**Work item**
Everything in the listing should be transcribed exactly, apart from the pictures.

==== Information supplied ====

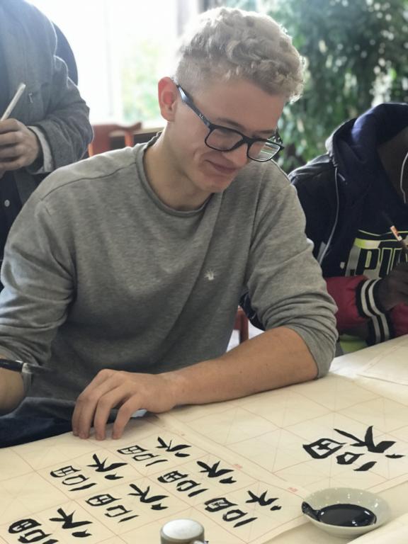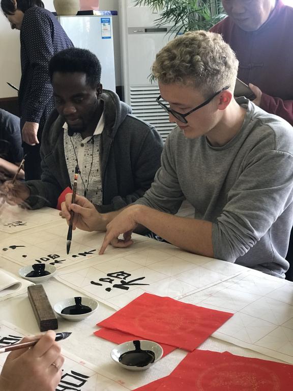 讲座开始,赵立新老师从中国书法的起源与种类入手,图文并茂,以循序渐进的方式带领大家一起探索中国书法的奥秘,体会传统文化的典雅韵味。讲解过程中,赵老师用丰富的肢体语言以及浅显易懂的板书激发国际学生的兴趣,大家听讲认真,回应积极,听完讲座后纷纷拿起毛笔踊跃动手实践。工作坊内文房四宝兼备,赵立新老师亲自执笔演示了不同字体的书写方法,下笔果决,字形正倚交错,粗细变化明显,尽显书法之魅力。在赵老师的帮助和指导下,同学们也拿起了毛笔,在红色宣纸上完成了自己的作品,稚嫩却又工整的书法中可见同学们对中国书法的喜爱。
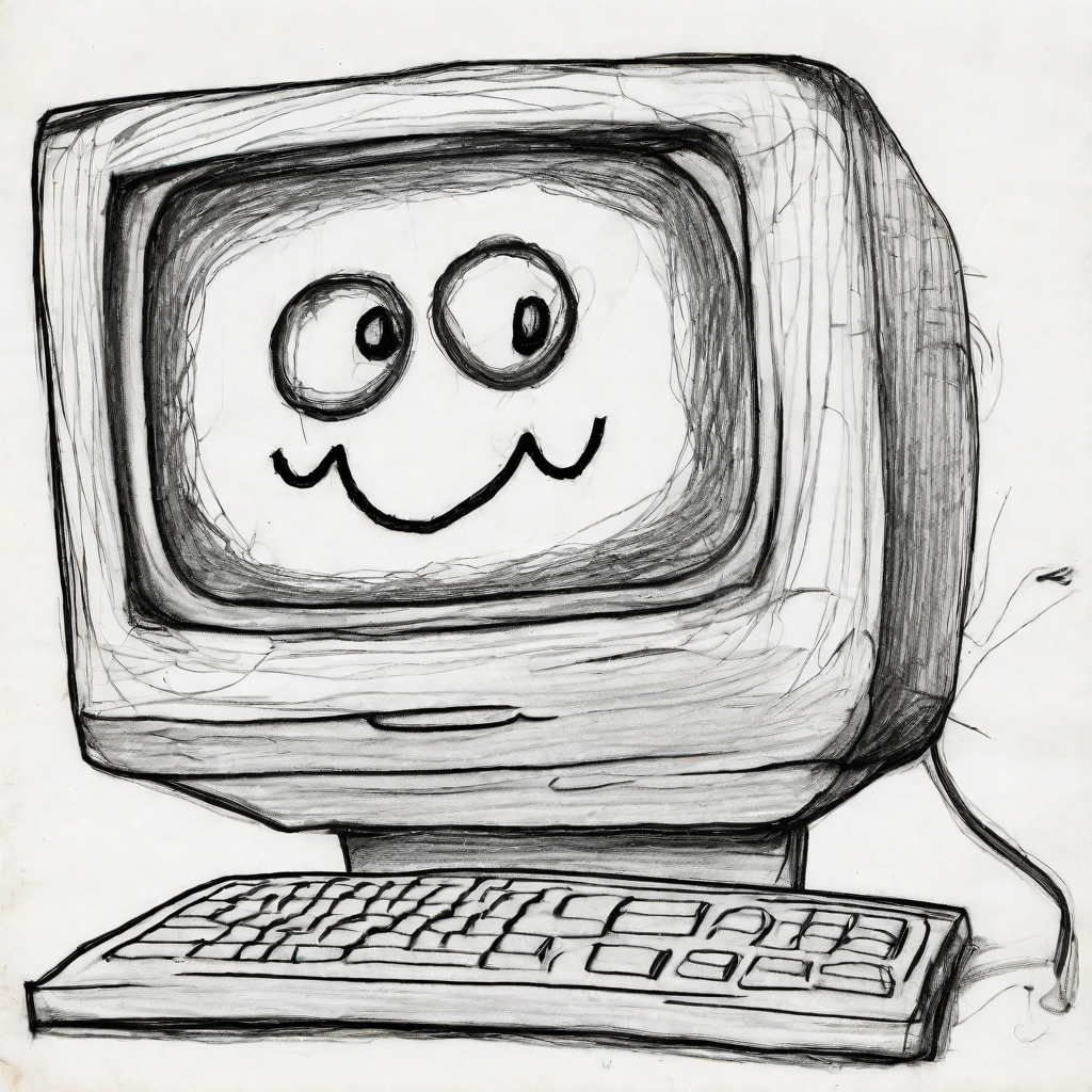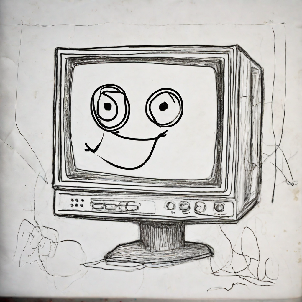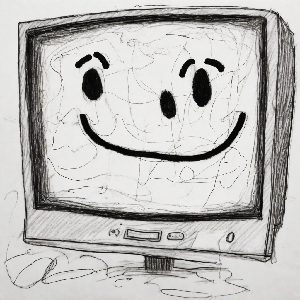 prompt: "a pencil drawing made by a 3 year old child, the drawing shows a badly drawn old smiling computer monitor, loose lines, scribbles, badly drawn, funny",
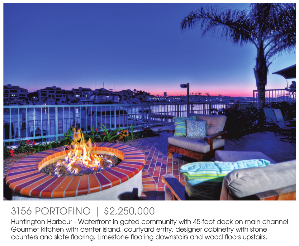 Huntington Harbour - Waterfront in gated community with 45-foot dock on main channel. Gourmet kitchen with center island, courtyard entry, designer cabinetry with stone counters and slate flooring. Limestone flooring downstairs and wood floors upstairs.
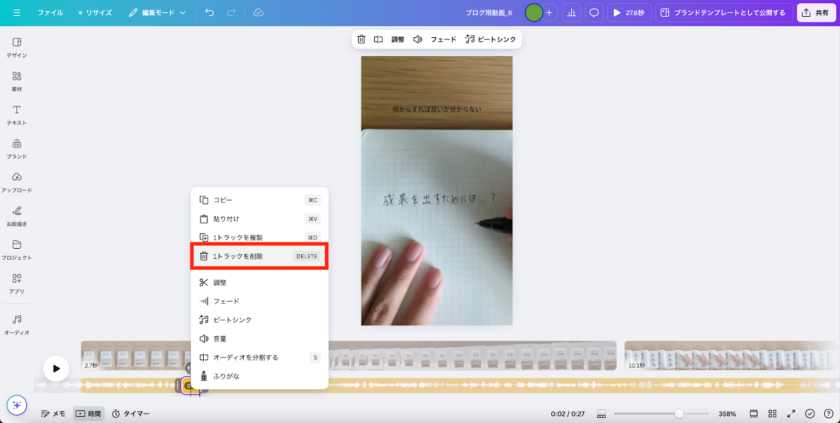 5、間の部分で右クリックし「1トラックを削除」あるいはdeleteキーで消す

====

**Answer to the exercise**
 讲座开始,赵立新老师从中国书法的起源与种类入手,图文并茂,以循序渐进的方式带领大家一起探索中国书法的奥秘,体会传统文化的典雅韵味。讲解过程中,赵老师用丰富的肢体语言以及浅显易懂的板书激发国际学生的兴趣,大家听讲认真,回应积极,听完讲座后纷纷拿起毛笔踊跃动手实践。工作坊内文房四宝兼备,赵立新老师亲自执笔演示了不同字体的书写方法,下笔果决,字形正倚交错,粗细变化明显,尽显书法之魅力。在赵老师的帮助和指导下,同学们也拿起了毛笔,在红色宣纸上完成了自己的作品,稚嫩却又工整的书法中可见同学们对中国书法的喜爱。
 prompt: "a pencil drawing made by a 3 year old child, the drawing shows a badly drawn old smiling computer monitor, loose lines, scribbles, badly drawn, funny",
 Huntington Harbour - Waterfront in gated community with 45-foot dock on main channel. Gourmet kitchen with center island, courtyard entry, designer cabinetry with stone counters and slate flooring. Limestone flooring downstairs and wood floors upstairs.
 5、間の部分で右クリックし「1トラックを削除」あるいはdeleteキーで消す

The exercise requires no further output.